I was 28 when I started teaching. I had tried life in "the real world" and discovered, with the help of my 4 year old daughter, that child development and the science of learning was much more fascinating.

I've taught Kindergarten through 6th grade (somehow missing 5th, but hitting all the others) and have never stopped learning. I have studied reading extensively and now, modestly refer to myself as a "reading specialist." I've got a reading endorsement and a computer endorsement along with my Masters degree in elementary education and was a Reading Recovery teacher for 6 years. I've been on both sides of the "reading wars" and have learned that most children will learn to read despite what we do...

So here I am, now a part time pull-out reading specialist in a suburban/rural school in the midwest, still trying to figure out a better way to teach even after 30 years. I still find learning fascinating. It's still hard for some children...easy for others...and I still want to know why.

I'm going to explore that here...as well as why I think No Child Left Behind and the obscene obsessive focus on standardized testing is destroying public schools in the United States.

I'll also talk about my students and what I'm doing with them...how I hope to help them and why they have the problems they have. Feel free to make suggestions. The truth is, I need help to help them.

I want to look closely at what's happening in our schools and try to determine why it's the politicians who are determining the curriculum and teaching methods.
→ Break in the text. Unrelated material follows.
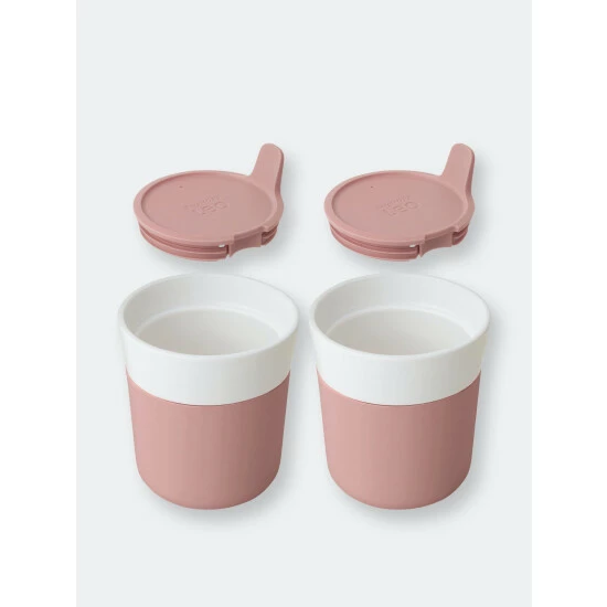 You’re craving a cup of coffee but don’t have the time to stop and take a break? Enjoy your favorite hot beverage on the go in a Leo porcelain travel mug that fits perfectly under your coffee machine and in your car’s cup holder. The high quality porcelain mug holds the heat of your drink while the heat resistant silicone body allows a comfortable grip. Set comes with 2x travel mugs

I want to figure out why teachers have become the enemy to so many Americans and what I can do to rectify that misconception. I want to help re-make the public schools in the US into places where children learn and teachers teach and discover the joy of that interaction. I want to figure out ways to make readers and thinkers out of my students...and I want to find ways to help them let go of the pain of failure and learn to enjoy learning.